That assumes that old cruft is not causing any maintenance, but quite the contrary; at the time of last-rites when it didn't have any replacement it meant you were effectively asking Portage developers to keep maintaining an EOL py2 branch ad infinitum.

Now, the last-rites spawned some work on a fork which is nice, as it often happens, but with still zero maintainers whom exactly are you expecting to do the packaging and future maintenance?

Still, nothing is stopping anyone from picking up maintenance of this package *now*, applying for write access to GURU overlay and add it there.
Comment 11 Matthew Ogilvie 2020-08-01 18:34:03 UTC
Created attachment 652132 [details]
Preliminary ebuild for xedakini's version

I finally got around to hacking together a preliminary ebuild for
xedakini's new version [thanks for the new version!].  It seems
to basically work in a small test environment, but I noticed
some limitations, room for improvement, and notes below.
Maybe some volunteers could further refine and/or maintain it?
[For the moment I'm still primarily using a stale install of
version 3.0, without being able to use version 3's repcacheman.]
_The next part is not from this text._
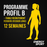 Programme 12 semaines pour **Profil B – faible recrutement fessiers (fessier long)**.
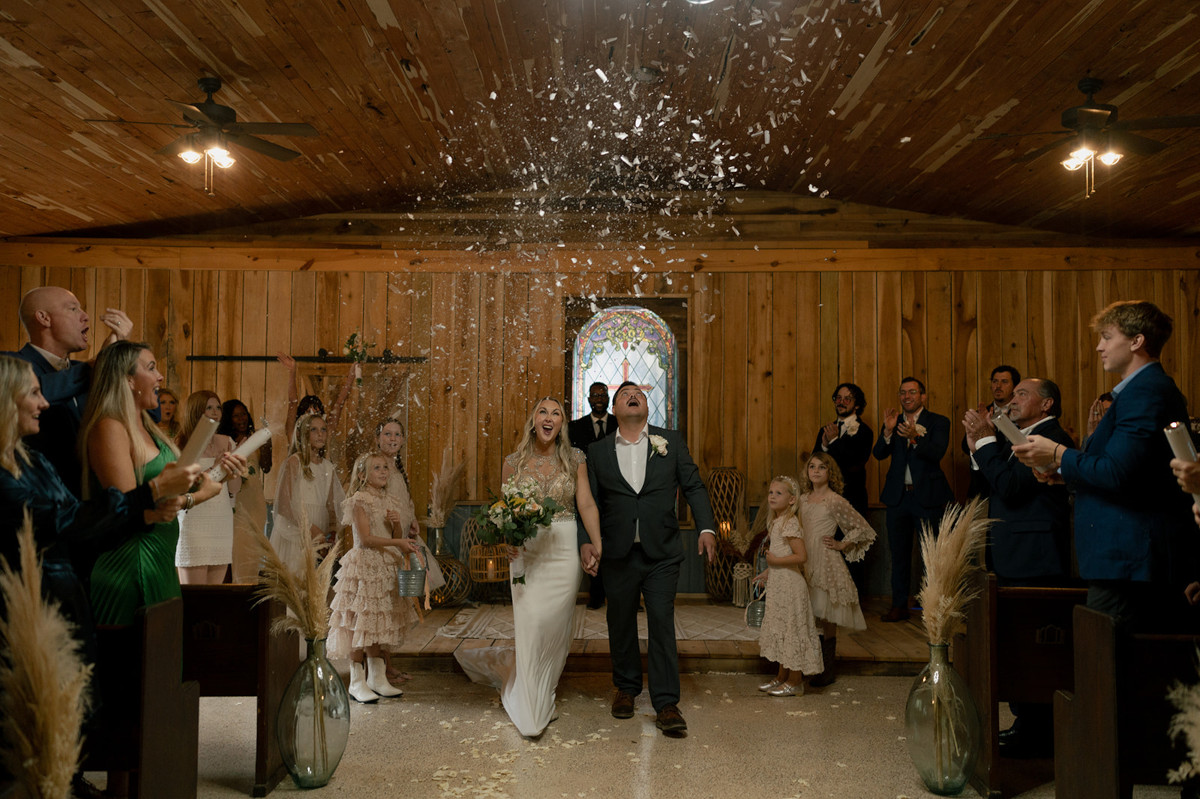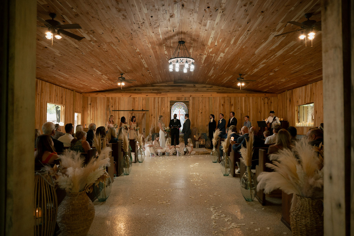 With seating that can comfortably fit up to 200 guests, our Rustic Haven chapel provides the perfect setting for your “I Dos.” The century old pews, native hardwood construction, and hand-made stained glass provide a warm, intimate setting for your most important day.

This ebuild (and other files I'll attach momentarily) is updated
from the last (removed) 4.0-alpha2 ebuild.

Notes, concerns, and weaknesses:

  - The --ip argument seems to have turned into an alias for --bind,
    can't be specified multiple times, and subtley changes so it
    no longer really provides access control for which peer IP
    addresses/subnets are allowed to connect to http-replicator.
     - Actually it isn't obvious to me how it is passed into aiohttp
       stuff at all, but testing /etc/conf.d/http-replicator and
       netstat shows it is honored for specifying the (single) bind
       address.
     - You probably want to configure your install to specify
       "--ip ::" (or maybe 0.0.0.0) for it to actually serve its
       purpose on a LAN at all.  (The default "::1" is basically
       only accessible to localhost.)  Access control (if desired)
       apparently requires messing with kernel firewall
       rules instead.  (More general, but also more difficult and
       fragile when managed elsewhere.)
  - I don't see any sign of the "--alias" option.
  - Bug 705642: Despite the above, the systemd .conf file appears
    to be designed around the old v3 interface for --ip and --alias.  Is
    that conf file used at all?
     - I don't use systemd, but I kept that part from the
       previously-removed alpha2 ebuild, although alpha2 does not
       look like it supports these options the way they are used
       by the conf file, either.
  - (FYI) I think IPv6 just works, and the --ipv6 command line option
    doesn't seem to exist any more.  Probably reasonable.
  - More generally, the whole default installed
    /etc/conf.d/http-replicator.conf file probably needs to be
    carefully combed through, including the comments.

  - I threw together the setsid patch; it seems to be necessary
    when using openrc with start-stop-daemon to start the service.
    Something like it probably ought to be submitted upstream, but I
    haven't tried to do so.

  - The changelog mentions a known race condition, but doesn't go
    into details.

  - In some of my tests, portage tried to download various ".layout.conf*"
    files through http-replicator, although my most recent tests don't
    seem to do that.
     - Maybe related to some of my experiments with
       /etc/portage/mirrors to (try to) use http-replicator more
       widely than the http_proxy variable allows.
     - I worry that this could be messed up if it tries to use a stale
       cached layout file or something...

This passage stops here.